SILVER NANOWIRES TO REPLACE INDIUM TIN OXIDE ELECTRODES

SILVER NANOWIRES TO REPLACE INDIUM TIN OXIDE ELECTRODES

9:55 PM, 23rd November 2011
SILVER NANOWIRES TO REPLACE INDIUM TIN OXIDE ELECTRODES
silver nanowire network

LOS ANGELES, UNITED STATES: The indium tin oxide (ITO) transparent electrodes used in many electronic devices have huge demand in the market with increasing price.  Scientists have been searching for a less costly and more dynamic alternative, particularly for use in future flexible electronics. Besides high price, ITO has several drawbacks. It's brittle, making it impractical for use in flexible displays and solar cells, and there is a lack of availability of indium, which is found primarily in Asia.
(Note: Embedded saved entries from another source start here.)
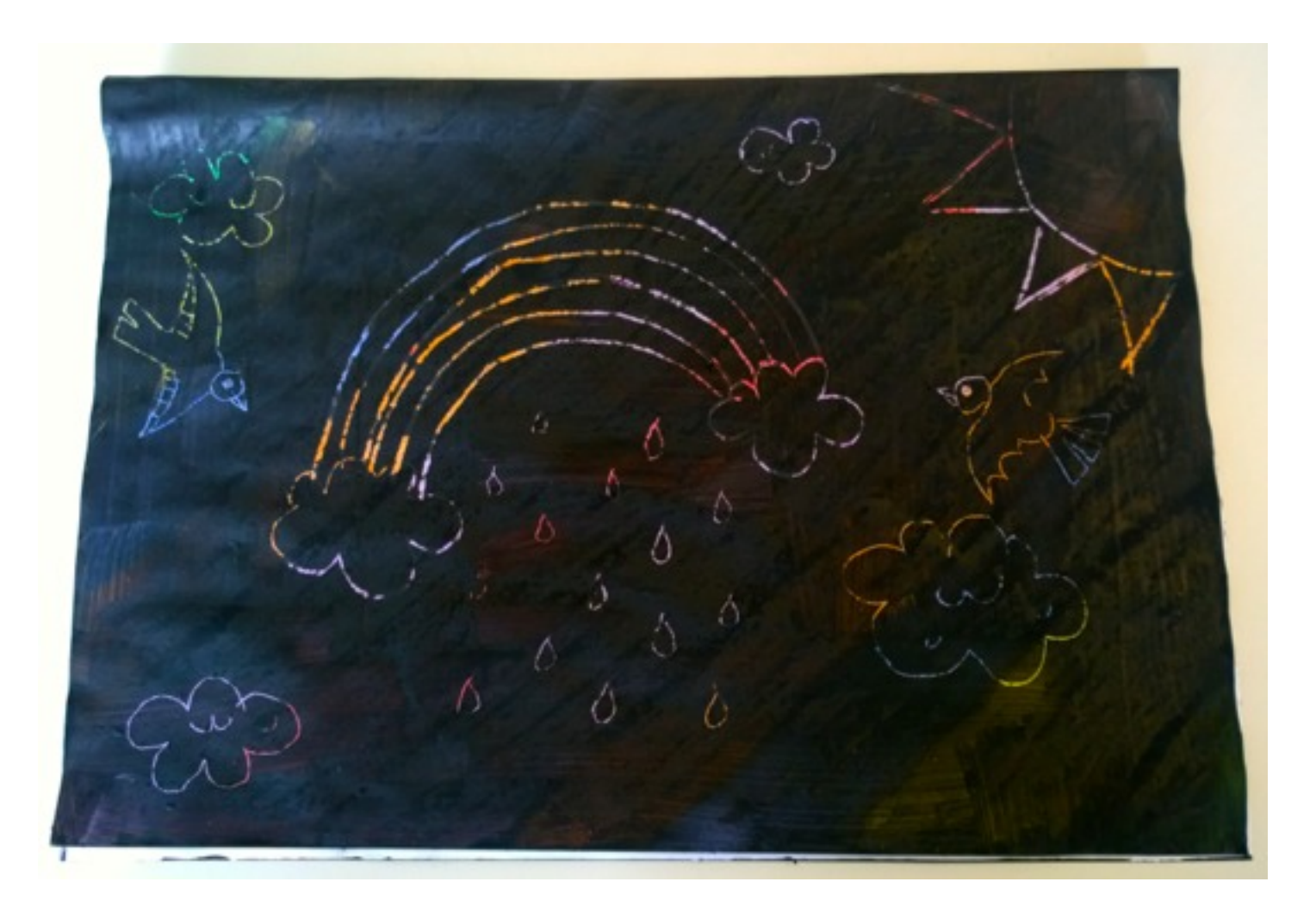
Plus another we have made to give you inspiration!

And there you have it your very own Rainbow Scratch Painting!
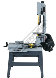
Shown with Vertical Cutting Table
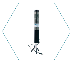
Oosafe® VOC-Log HIGH HUMIDITY with O 2 sensor OOVOC-L07
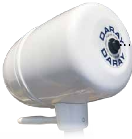
X240 control switch on rear of head
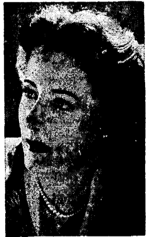
IRENE DUNNE WLS at 7:30

(WMAQ): Gregory Peck presents Wanda Hendrix in story of blind youth's faith (on WIBA at 5:30) . . . The Greatest Story (WENR): a slave teaches temper-control.
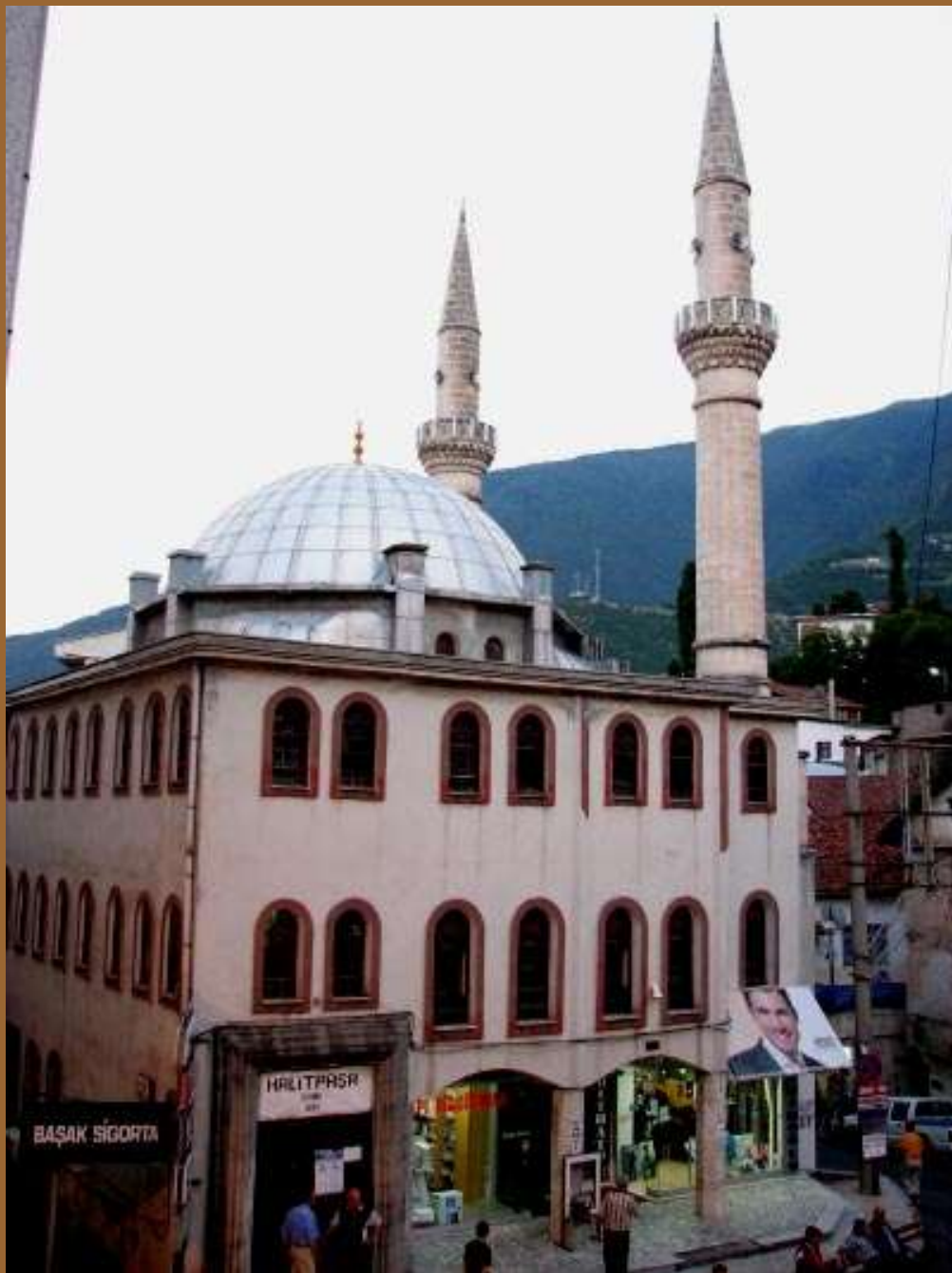
Mosque in Artvin
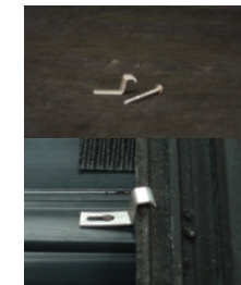
Eave Clip and Nails (9296 and 9332)
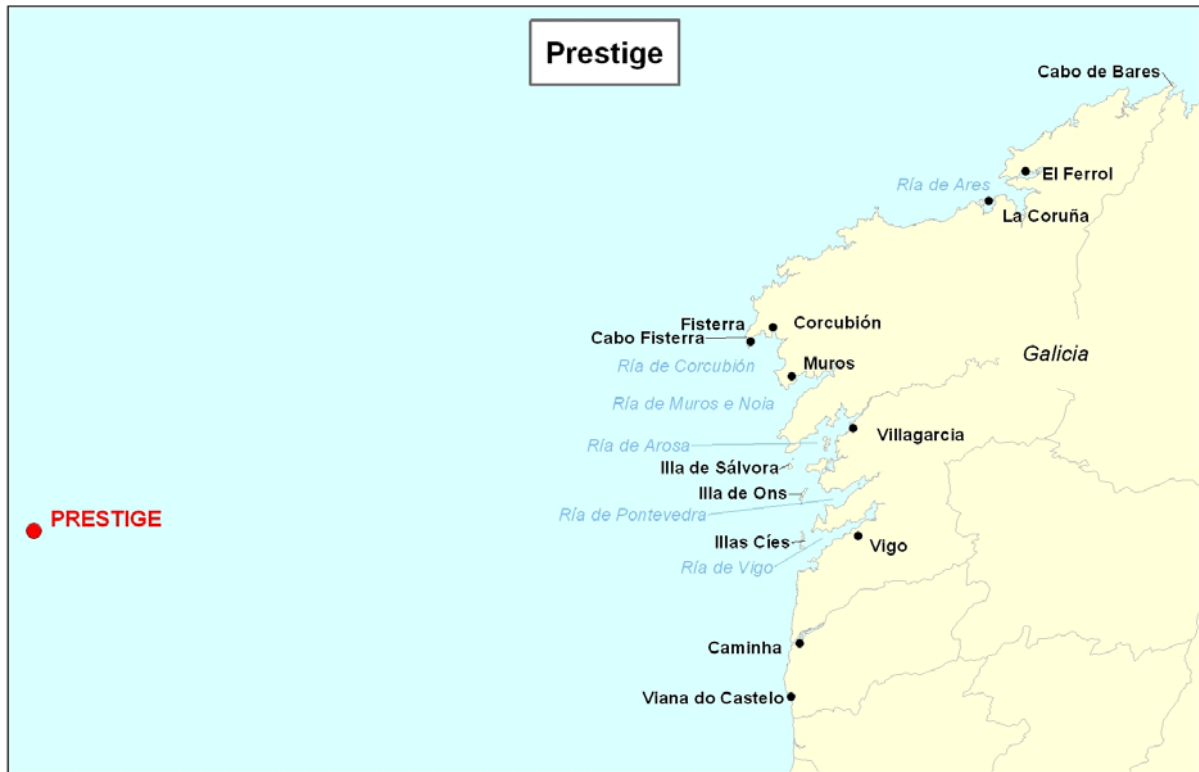
FIGURE 2. PRESTIGE sinking location off Galician coast, Spain.

the Atlantic Islands or the Galician seafood industry, including damage to market confidence.

Further, the production of ITO films is relatively inefficient.

Now, researchers at UCLA reported in the journal ACS Nano that they have developed silver nanowires in combination with other nanomaterials which are flexible and highly conductive and overcome the limitations associated with ITO.The complications with silver nanowires are to fuse crossed AgNWs to achieve low resistance and good substrate adhesion.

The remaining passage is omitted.